What you will do:
No pictures, nothing altered: return the data below.

Source data:
=-=-=

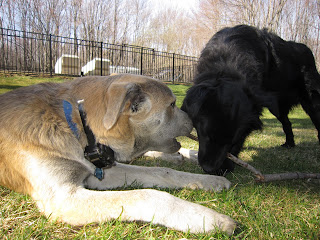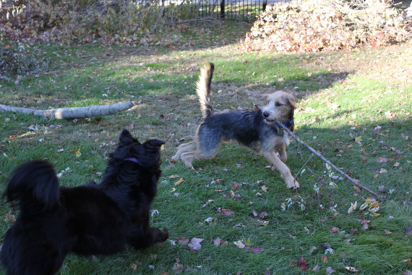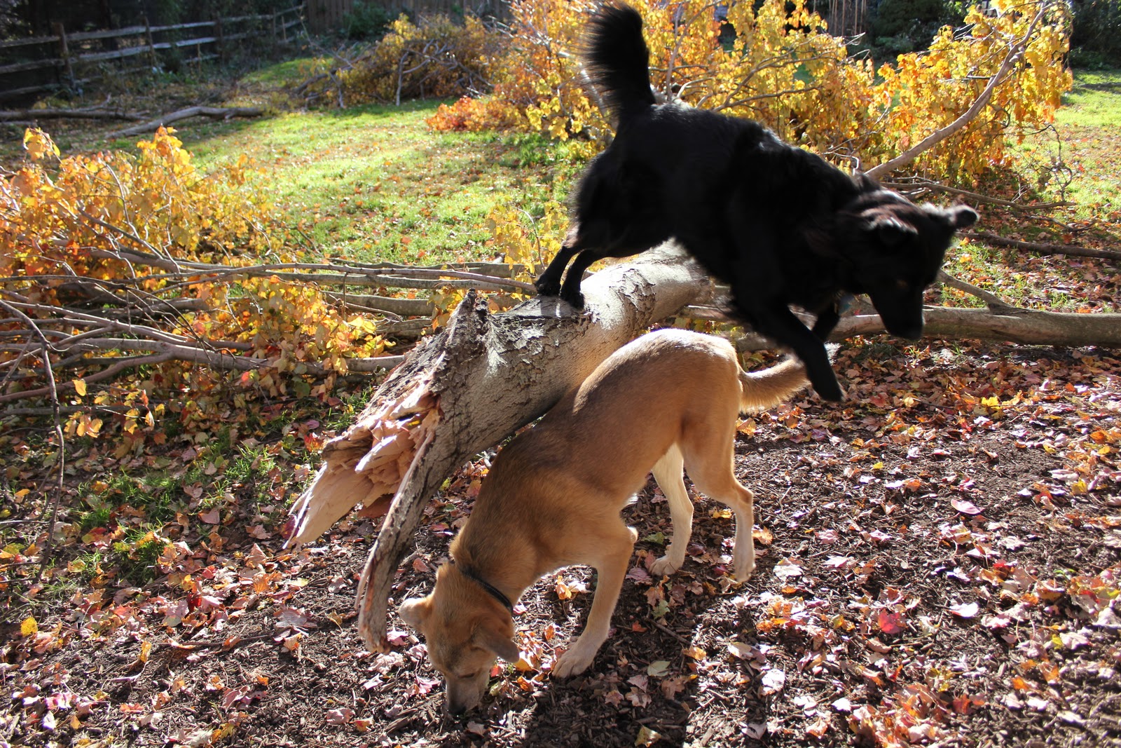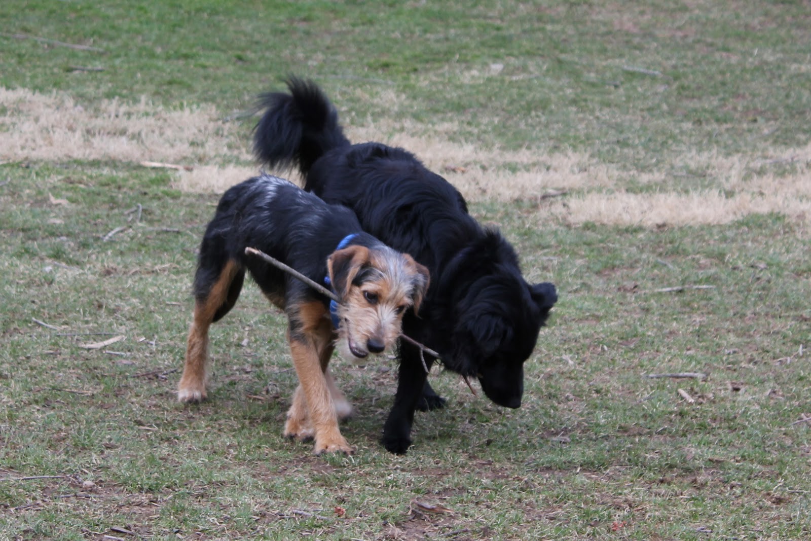 | Tucker and Jasper discuss ownership of a bark. I believe they both own pretty impressive barks. |
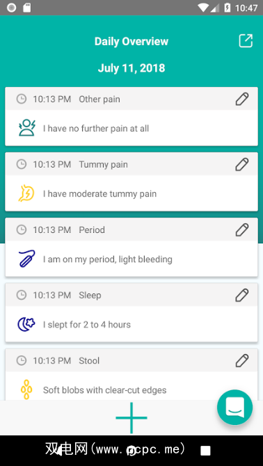 添加的其他因素包括大便,消化,精神状态,药物和补品,月经,皮肤状况,锻炼,睡眠和痛苦。随着时间的流逝,会出现各种模式,将您的健康与食物联系起来。因此,如果吃菠萝会使您出疹子,这是发现它的最佳应用。
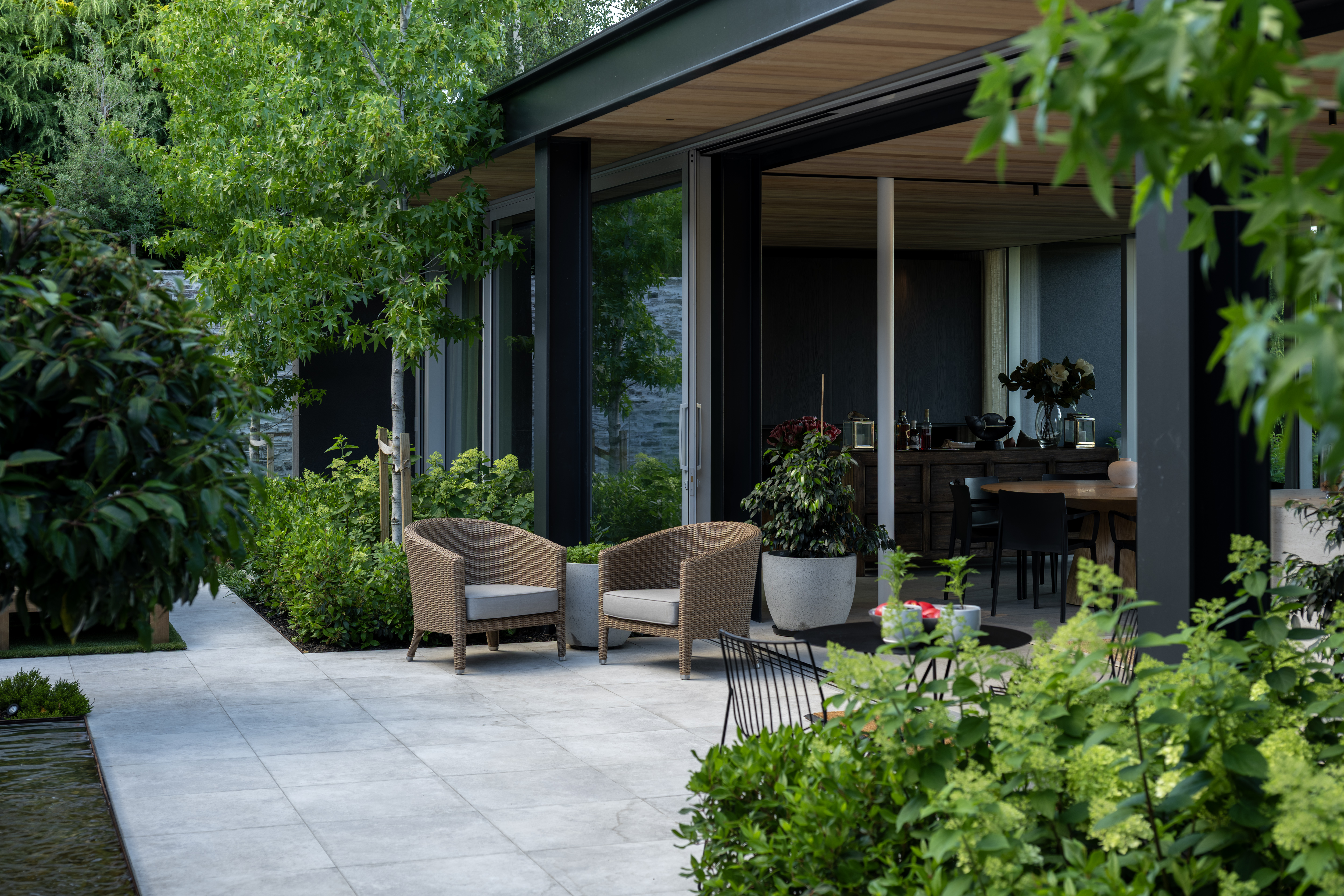 A building sits nestled down, intentially designed to screen neighbours.
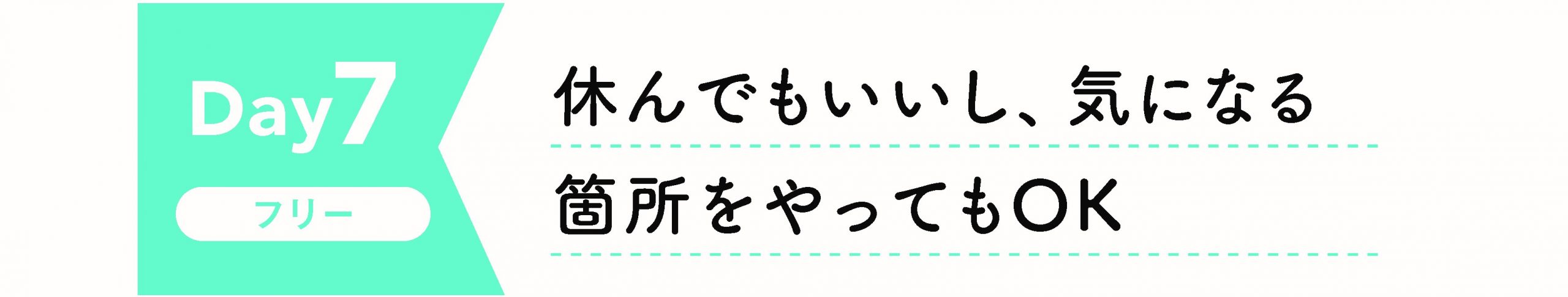 めんどくさくなってしまったら休んでもOK! Day1~6のマッサージを通しでやってみたり、気になる箇所だけ追加でやってみるのもいいですし、筋肉の場所を改めて理解したり、やり方を確認するのもいいでしょう。せっかく時間があるから+αでやりたい!場合は、バストケアをぜひ試してみて。
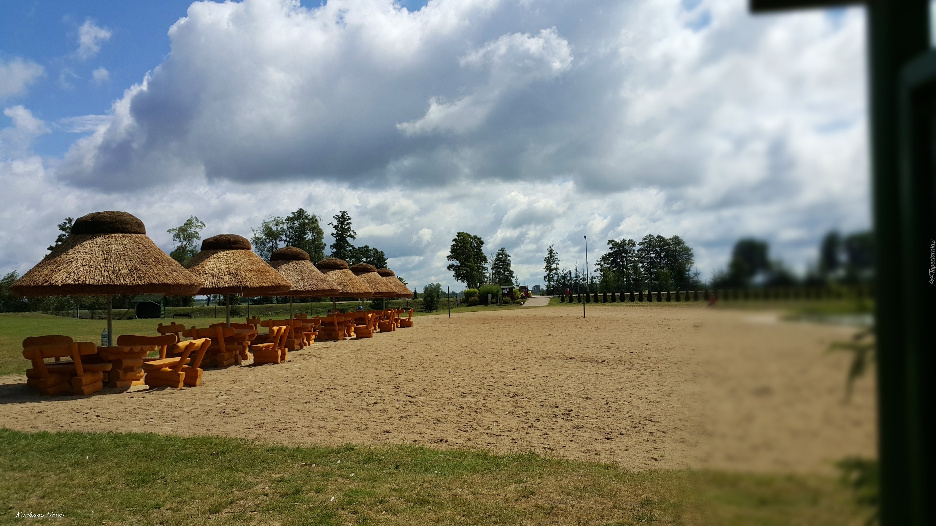 Edytor tapety: Chmury, Niebo, Piasek, Parasole, Ławki, Drzewa
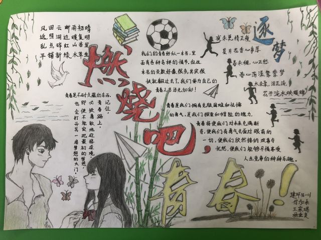 参加活动的同学在脑海中描绘出一幅幅充满青春活力的画面,在手抄报上用缤纷多彩的颜料描画出自己多彩的青春,用一段段激昂的文字书写着灿烂的青春。将自己青春的心灵之声书写绘画成立意新颖、创意独特的手抄报,让观者透过精美的手抄报便可感受到来自青春的活力。绚丽的图案、生动的语言文字、真实的情感,充分展示了同学们对“燃烧吧,青春”主题的共鸣。获得一等奖的建筑环境与能源应用工程18-01班付佳乐同学表示,不仅要在纸张上书写自我的青春,更要在今后的大学生活中不忘初心、不负韶华,让青春更加出彩。
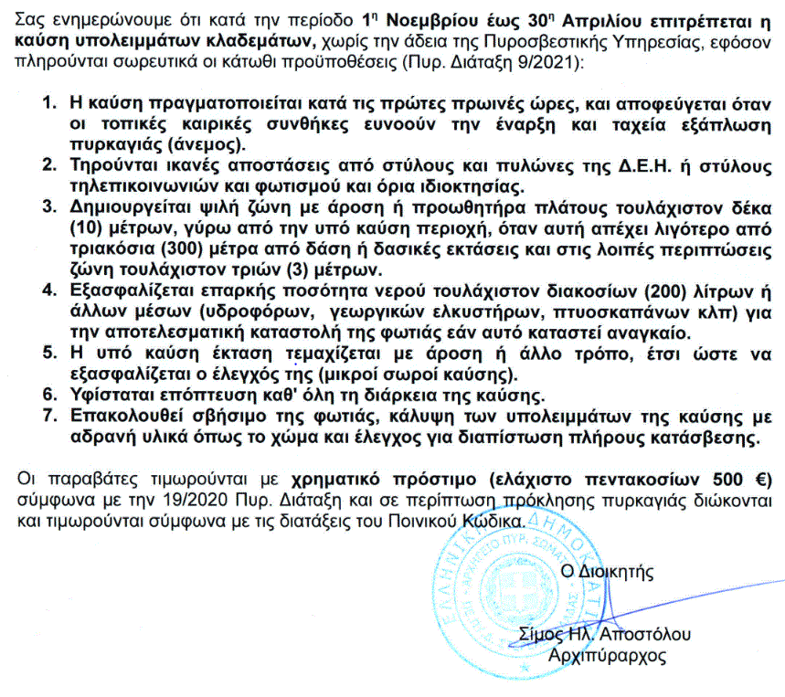 Με ανακοίνωση η Διοίκηση της Πυροσβεστικής Υπηρεσίας ενημερώνει τους πολίτες ότι η καύση των διαφόρων χορταριών για καθαρισμό των οικοπέδων και χωραφιών επιτρέπεται μέχρι στις 30 Απριλίου.
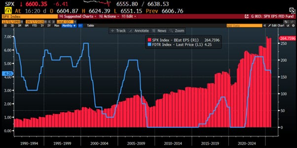 For corporate America, rate cuts are less a victory lap and more a distress signal. History shows they usually mean weaker, not stronger earnings — with EPS sinking until the Fed finally dusts off its courage and starts hiking again. In other words, profits don’t bottom when money gets cheaper, but when the ‘Central Banker In Chief’ starts playing tough guy.
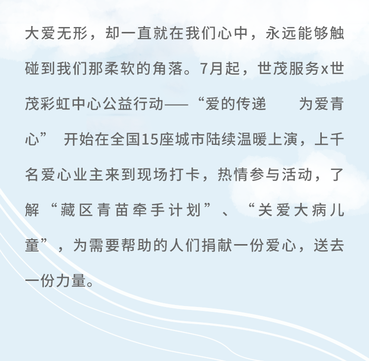 7月起,J9(中国)服务XJ9(中国)彩虹中心公益行动——“爱的传递 为爱青心”开始在全国15座城市陆续温暖上演。在文旅融合新时代 J9(中国)酒店引领行业发展共筑中国酒店梦
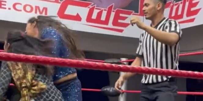 Dalam video lain, wanita itu dihentikan oleh dua wasit. Namun dia menendang salah satu dari mereka di pangkal paha. Ketika wasit lain datang, wanita itu memelototinya sehingga kabur dari ring.
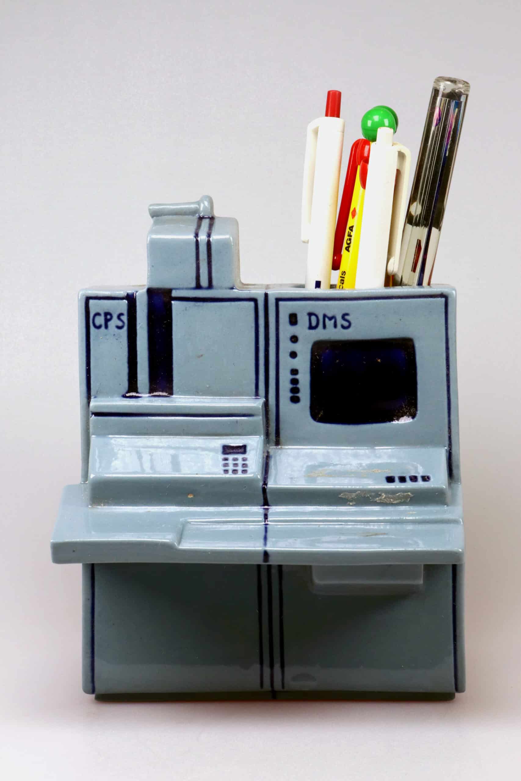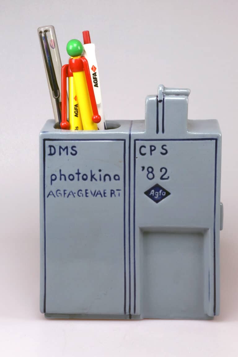 Dieser Stiftehalter aus Keramik wurde von Agfa-Gevaert auf der Kölner Photokina 1982 unters Volk gebracht. Er symbolisiert eine Agfa-Computerstation, die zur Vorbereitung der Aufträge in Kopieranstalten diente.
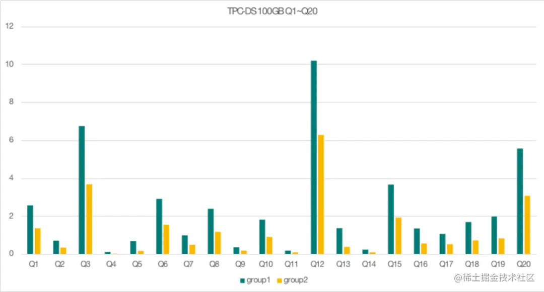 下面图中是 SSB 100GB 的测试结果,可以看到每一个查询的 QPS 都符合了2:1的比例。
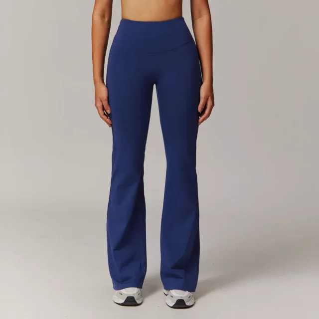 Crafted with a premium blend of 78% polyester and 22% spandex, these pants are built for stretch, durability, and breathability. The high elasticity hugs your body gently while allowing full freedom of movement. The fabric feels smooth on the skin and wicks away sweat, keeping you cool and dry throughout any activity. The elastic waistband offers a secure fit without digging in, and the flared leg adds a trendy twist to classic gym leggings.
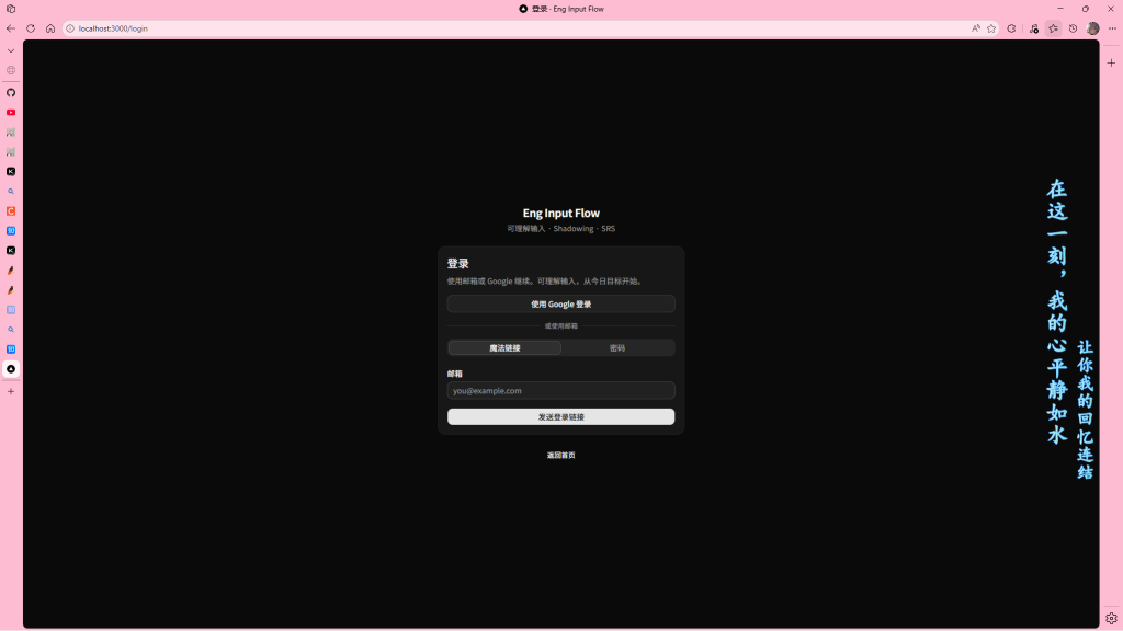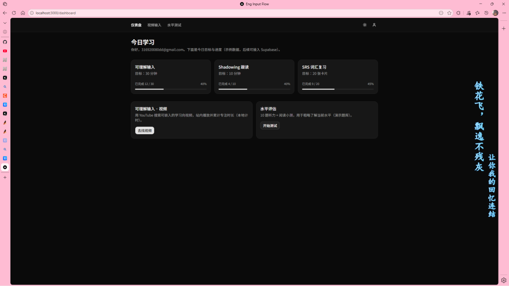 添加 Shadowing 功能:选定片段 → 用户录音跟读 → 用 Web Speech API 或简单波形显示相似度。
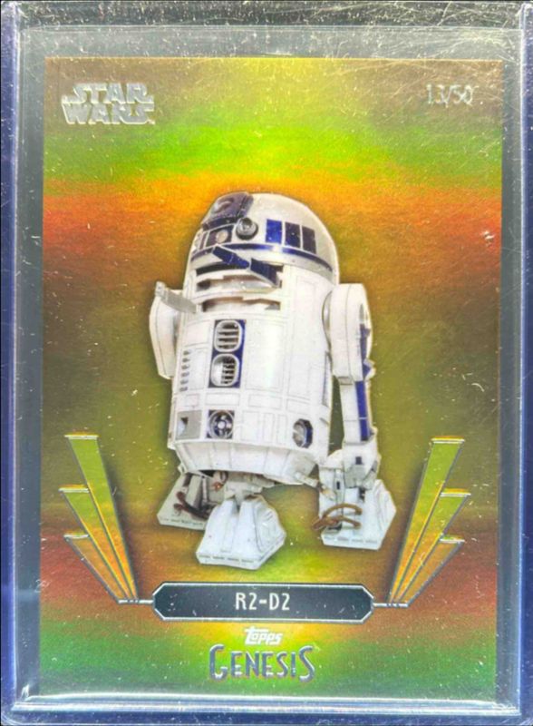 The R2-D2 2025 Topps Disney Genesis #10 Gold Foil /50 card is 1 of 5 R2-D2's card variations in the 2025 Topps Disney Genesis set being tracked by Sports Card Investor, including Blue Foil /75, Orange Foil /25, Purple Foil /15, and Red Shimmer /5.

=-=-=

Exercise solution:
 | Tucker and Jasper discuss ownership of a bark. I believe they both own pretty impressive barks. |
 添加的其他因素包括大便,消化,精神状态,药物和补品,月经,皮肤状况,锻炼,睡眠和痛苦。随着时间的流逝,会出现各种模式,将您的健康与食物联系起来。因此,如果吃菠萝会使您出疹子,这是发现它的最佳应用。
 A building sits nestled down, intentially designed to screen neighbours.
 めんどくさくなってしまったら休んでもOK! Day1~6のマッサージを通しでやってみたり、気になる箇所だけ追加でやってみるのもいいですし、筋肉の場所を改めて理解したり、やり方を確認するのもいいでしょう。せっかく時間があるから+αでやりたい!場合は、バストケアをぜひ試してみて。
 Edytor tapety: Chmury, Niebo, Piasek, Parasole, Ławki, Drzewa
 参加活动的同学在脑海中描绘出一幅幅充满青春活力的画面,在手抄报上用缤纷多彩的颜料描画出自己多彩的青春,用一段段激昂的文字书写着灿烂的青春。将自己青春的心灵之声书写绘画成立意新颖、创意独特的手抄报,让观者透过精美的手抄报便可感受到来自青春的活力。绚丽的图案、生动的语言文字、真实的情感,充分展示了同学们对“燃烧吧,青春”主题的共鸣。获得一等奖的建筑环境与能源应用工程18-01班付佳乐同学表示,不仅要在纸张上书写自我的青春,更要在今后的大学生活中不忘初心、不负韶华,让青春更加出彩。
 Με ανακοίνωση η Διοίκηση της Πυροσβεστικής Υπηρεσίας ενημερώνει τους πολίτες ότι η καύση των διαφόρων χορταριών για καθαρισμό των οικοπέδων και χωραφιών επιτρέπεται μέχρι στις 30 Απριλίου.
 For corporate America, rate cuts are less a victory lap and more a distress signal. History shows they usually mean weaker, not stronger earnings — with EPS sinking until the Fed finally dusts off its courage and starts hiking again. In other words, profits don’t bottom when money gets cheaper, but when the ‘Central Banker In Chief’ starts playing tough guy.
 7月起,J9(中国)服务XJ9(中国)彩虹中心公益行动——“爱的传递 为爱青心”开始在全国15座城市陆续温暖上演。在文旅融合新时代 J9(中国)酒店引领行业发展共筑中国酒店梦
 Dalam video lain, wanita itu dihentikan oleh dua wasit. Namun dia menendang salah satu dari mereka di pangkal paha. Ketika wasit lain datang, wanita itu memelototinya sehingga kabur dari ring.
 Dieser Stiftehalter aus Keramik wurde von Agfa-Gevaert auf der Kölner Photokina 1982 unters Volk gebracht. Er symbolisiert eine Agfa-Computerstation, die zur Vorbereitung der Aufträge in Kopieranstalten diente.
 下面图中是 SSB 100GB 的测试结果,可以看到每一个查询的 QPS 都符合了2:1的比例。
 Crafted with a premium blend of 78% polyester and 22% spandex, these pants are built for stretch, durability, and breathability. The high elasticity hugs your body gently while allowing full freedom of movement. The fabric feels smooth on the skin and wicks away sweat, keeping you cool and dry throughout any activity. The elastic waistband offers a secure fit without digging in, and the flared leg adds a trendy twist to classic gym leggings.
 添加 Shadowing 功能:选定片段 → 用户录音跟读 → 用 Web Speech API 或简单波形显示相似度。
 The R2-D2 2025 Topps Disney Genesis #10 Gold Foil /50 card is 1 of 5 R2-D2's card variations in the 2025 Topps Disney Genesis set being tracked by Sports Card Investor, including Blue Foil /75, Orange Foil /25, Purple Foil /15, and Red Shimmer /5.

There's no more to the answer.